In most cases, these algorithms are policy gradient methods where we perform gradient ascent on our agent’s parameters to maximize our rewards. Mathematically, we want to maximize the expected value of our current and future rewards in a trajectory (a full run through of our agent before reaching a terminal state. That could be the game ending, the agent dying, etc.). We denote the trajectory with $\tau$.

\[\mathbb{E}[R(\tau)]\]

where $R(\tau)$ is our reward from the whole trajectory.

Now in proximal policy optimization, I mentioned how the idea was that we don’t want to big of a policy update to our agent. Imagine a robot trying to navigate a mountainous terrain. Too large of a policy update could lead to the robot taking a step that’s too long and lead to it falling off a cliff.

But we also don’t want too small of an update as our agent will take forever to learn then. PPO with a clipped objective basically limits how big of an update to our policy occurs. Notice how in the PPO objective function, we take the min of $r_t(\theta) * A_t$ and clip($r_t(\theta), 1 - \epsilon, 1 + \epsilon) * A_t$.

Let’s unpack these variables. Before PPO, there is another RL algorithm called trust region policy optimization and aims to do the same thing: limit how big we update our policy. Essentially, what they did was look at the ratio between the probability of a certain action being taken under the current policy and the same action being taken under the previous policy. They then muliplied that ratio by something known as the advantage function, $A_t$, which simply analyzes if an action that I took left me better off than before (better expected future rewards). A positive advantage means it did and a negative advantage means it made my state worse. The whole thing then get’s wrapped in an expected value because we’re dealing with expected rewards and probability distributions. Mathematically, it looks like this:

A bit of a notation thing. We usually denote the policy of our agent as $\pi$. We write $\pi_{\theta}$ to denote the policy with our given parameters $\theta$. These parameters are what we update in gradient ascent and so. Then, $\pi_{\theta}(a_t \vert s_t)$ is the probability that I take a certain action at time step $t$ given the state at time step $t$, $s$. In short, I see some state $s$. What’s the probability then I take some action $a$ after seeing this state? That’s what that’s basically saying.
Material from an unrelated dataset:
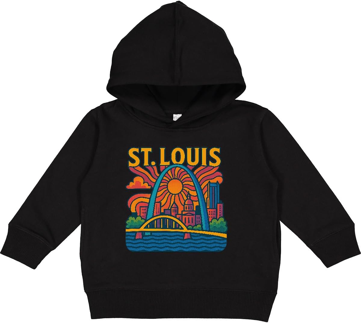 Celebrate the vibrant spirit of St. Louis with this retro-style design featuring the iconic Gateway Arch and cityscape. Perfect for lovers of urban landscapes and those with a special connection to this historic city. Add a splash of color with this standout Toddler Hoodie.
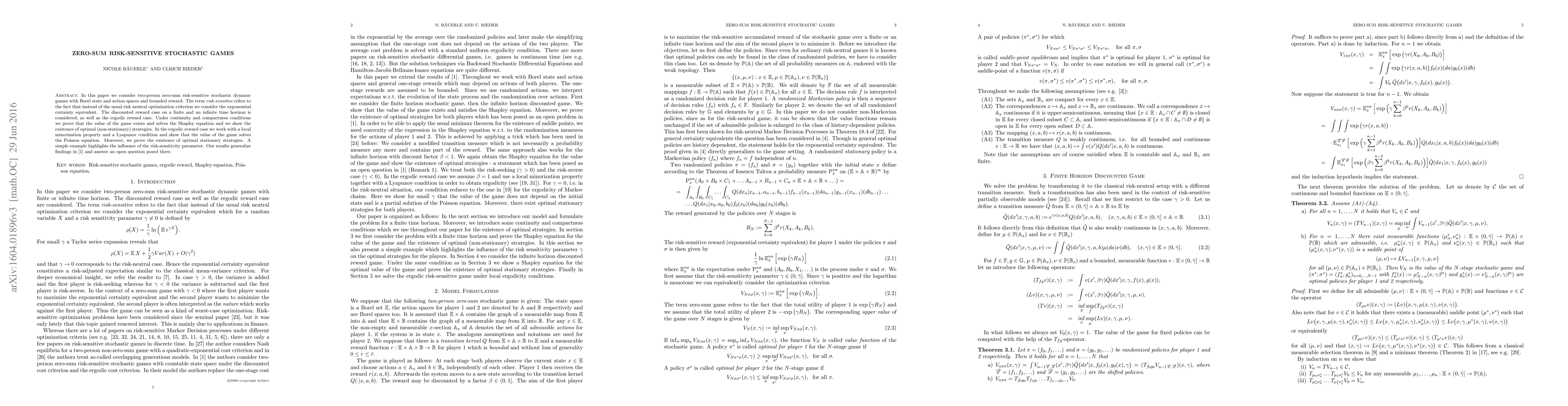 This paper studies two-person zero-sum risk-sensitive stochastic games, employing the exponential certainty equivalent instead of risk-neutral optimization. It proves the existence of game values and optimal strategies under various reward structures, generalizing prior work and addressing an open question.

A fallback of TRPO was that it gets a bit more complicated after that. You can read more about the differences here. PPO bsically takes the same objective from TRPO ($r_t(\theta)$), but adds a clipped version to it, saying you can only change that ratio between $(1 - \epsilon, 1 + \epsilon)$. This allows the policy to not get updated too much or too few and the authors of PPO found a value of $\epsilon = 0.2$ to be a good value.

Jeez! That was a lot to unpack and honestly I’m kind of impressed with my old high school self being able to tackle this type of stuff so young. Again, maturing a bit, I’ve gained a deeper understanding of all of this and it’s good to look back and reflect. But yeah that was a bit of PPO! This conservative approach has proved to be quite successful and being used everywhere! I used it in my summer project and it proved to be quite successful.